Goniometers for testing purposes

The invention relates to a goniometer for testing purposes for connection to a direction finder.

The incident RF wave in the antennas of a to the direction finder The connected antenna system induced voltages are simulated by corresponding N / S, O / W and auxiliary antenna voltages generated in the goniometer, which can be removed from the connections of the goniometer. The goniometer connections are connected to the inputs of the direction finder instead of the antenna cables.

Such goniometers are already in use in the form of inductive coupling goniometers with, for example, a fixed field coil and two crossed rotor coils rotatable against the field coil.
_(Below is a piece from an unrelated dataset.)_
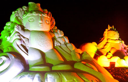 Two large sand sculptures of Fuwa mascots, Jingjing (L) and Yingying, are seen on Zhujiajian Island, Southeast China's Zhejiang Province, September 29, 2007. These and other sand sculptures were made by 30 artists from 10 countries, including China, the US and Russia, to welcome the 2008 Beijing Olympics as well as illustrate the history of the Games. [Xinhua]
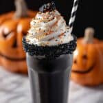 Keywords: black milkshake, black cocoa powder milkshake, chocolate milkshake, vanilla ice cream milkshake, whipped cream topping, black sanding sugar rim

However, these known niometers show the essential NacE oil on that they only operate in a very narrow frequency range due to their inductive operation work reliably.

The object of the present invention is to provide a goniometer for testing purposes of the type mentioned to indicate which over a large frequency range works with consistent accuracy.

According to the invention, this output is achieved by a goniometer with the features given in claim 1. Characteristic of a particular The angle of incidence of an RF wave is, on the one hand, the amplitude ratio of the two Bearing voltages and, on the other hand, the sign ratio of the bearing voltages to one another and to the auxiliary voltage. By the polarity of the DF voltages in relation to the auxiliary antenna voltage the quadrant in which the wave is incident is determined by the amplitude ratio the bearing voltages of the angles within this quadrant. When simulating the Clamping tongues by the goniometer is controlled by the adjustable attenuators Amplitude ratio of the simulated bearing voltages over a range of, for example 60 dB is set and thus an angle within a quarter circle without any definition defined by this quarter circle.

The quadrant is determined by setting the polarity the simulated bearing voltages for the auxiliary voltage. Setting the polarity A bearing voltage with respect to the auxiliary voltage is done by setting it to equality or phase out of phase between DF voltage and high voltage by means of a 00/1800 Phase shifter in the angular path of the bearing voltage.

A frequency-variable X sen4nr is provided to generate the power, its output over a power-sharing component, for example a power divider with three, also known as a "hybrid function" Outputs to the three connections of the goniometer with the interposition of the phase and attenuators is distributed. The setting of the 00/1800 phase shifters and the attenuators are carried out using special means provided for this purpose. It leaves In general, the phase of the signal cannot be avoided over the path between the outputs of the power splitter up to the connections of the goniometer depending on the frequency is influenced, so that the relative phase position of DF voltages and auxiliary voltage shifts by simply changing the frequency.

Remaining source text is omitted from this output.